Art. 14. A aplicação das penalidades de suspensão do exercício do mandato por no máximo 6 (seis) meses e de perda do mandato é de competência do Plenário da Câmara dos Deputados, que deliberará em votação ostensiva e por maioria absoluta de seus membros, em virtude de provocação da Mesa ou de partido político representado no Congresso Nacional, após a conclusão de processo disciplinar instaurado pelo Conselho de Ética e Decoro Parlamentar, na forma deste artigo. (“Caput” do artigo com redação dada pela Resolução nº 47, de 2013)
§ 1º Será punido com a suspensão do exercício do mandato e de todas as suas prerrogativas regimentais o Deputado que incidir nas condutas previstas nos incisos IV, V, IX e X do art. 5º.(Parágrafo com redação dada pela Resolução nº 2, de 2011)
§ 2º Na hipótese de suspensão do exercício do mandato superior a 120 (cento e vinte) dias, o suplente do parlamentar suspenso será convocado imediatamente após a publicação da resolução que decretar a sanção. (Parágrafo com redação dada pela Resolução nº 2, de 2011)
§ 3º Será punido com a perda do mandato o Deputado que incidir nas condutas previstas no art. 4º. (Parágrafo com redação dada pela Resolução nº 2, de 2011)
§ 4º Recebida representação nos termos deste artigo, o Conselho observará o seguinte procedimento: (Parágrafo com redação dada pela Resolução nº 2, de 2011)
I - o Presidente do Conselho designará o relator do processo, observadas as condições estabelecidas no inciso I do art. 13 deste Código; (Inciso com redação dada pela Resolução nº 2, de 2011)
II - se a representação não for considerada inepta ou carente de justa causa pelo Plenário do Conselho de Ética e Decoro Parlamentar, mediante provocação do relator designado, será remetida cópia de seu inteiro teor ao Deputado acusado, que terá o prazo de 10 (dez) dias úteis para apresentar sua defesa escrita, indicar provas e arrolar testemunhas, em número máximo de 8 (oito); (Inciso com redação dada pela Resolução nº 2, de 2011)

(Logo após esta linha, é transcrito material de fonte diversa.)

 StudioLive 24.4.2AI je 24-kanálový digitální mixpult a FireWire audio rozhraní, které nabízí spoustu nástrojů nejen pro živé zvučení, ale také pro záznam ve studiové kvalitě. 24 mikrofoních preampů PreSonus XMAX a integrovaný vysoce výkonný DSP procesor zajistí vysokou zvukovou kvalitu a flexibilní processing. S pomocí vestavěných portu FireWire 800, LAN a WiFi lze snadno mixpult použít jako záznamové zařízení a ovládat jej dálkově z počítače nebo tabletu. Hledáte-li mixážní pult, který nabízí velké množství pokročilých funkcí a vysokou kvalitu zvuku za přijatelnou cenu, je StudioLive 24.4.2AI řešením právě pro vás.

III - o pronunciamento do Conselho pela inépcia ou falta de justa causa da representação, admitido apenas na hipótese de representação de autoria de Partido Político, nos termos do § 3º do art. 9º, será terminativo, salvo se houver recurso ao Plenário da Casa, subscrito por 1/10 (um décimo) de seus membros, observado, no que couber, o art. 58 do Regimento Interno da Câmara dos Deputados; (Inciso com redação dada pela Resolução nº 2, de 2011)

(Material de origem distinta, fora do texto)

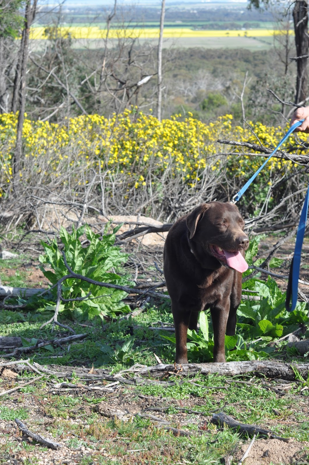 Once the car was parked we quickly headed off towards the walking tracks. The beginning of our walk. Don't the gum trees all look nice and green still? It didn't take Jet long before he had sniffed out the first interesting smells.

IV - apresentada a defesa, o relator da matéria procederá às diligências e à instrução probatória que entender necessárias no prazo improrrogável de 40 (quarenta) dias úteis, no caso de perda de mandato, e 30 (trinta) dias úteis, no caso de suspensão temporária de mandato, findas as quais proferirá parecer no prazo de 10 (dez) dias úteis, concluindo pela procedência total ou parcial da representação ou pela sua improcedência, oferecendo, nas 2 (duas) primeiras hipóteses, projeto de resolução destinado à declaração da perda do mandato ou à cominação da suspensão do exercício do mandato ou, ainda, propondo a requalificação da conduta punível e da penalidade cabível, com o encaminhamento do processo à autoridade ou órgão competente, conforme os arts. 11 a 13 deste Código; (Inciso com redação dada pela Resolução nº 2, de 2011)
V - a rejeição do parecer originariamente apresentado obriga à designação de novo relator, preferencialmente entre aqueles que, durante a discussão da matéria, tenham se manifestado contrariamente à posição do primeiro; (Inciso com redação dada pela Resolução nº 2, de 2011)
VI - será aberta a discussão e nominal a votação do parecer do relator proferido nos termos deste artigo; (Inciso com redação dada pela Resolução nº 2, de 2011)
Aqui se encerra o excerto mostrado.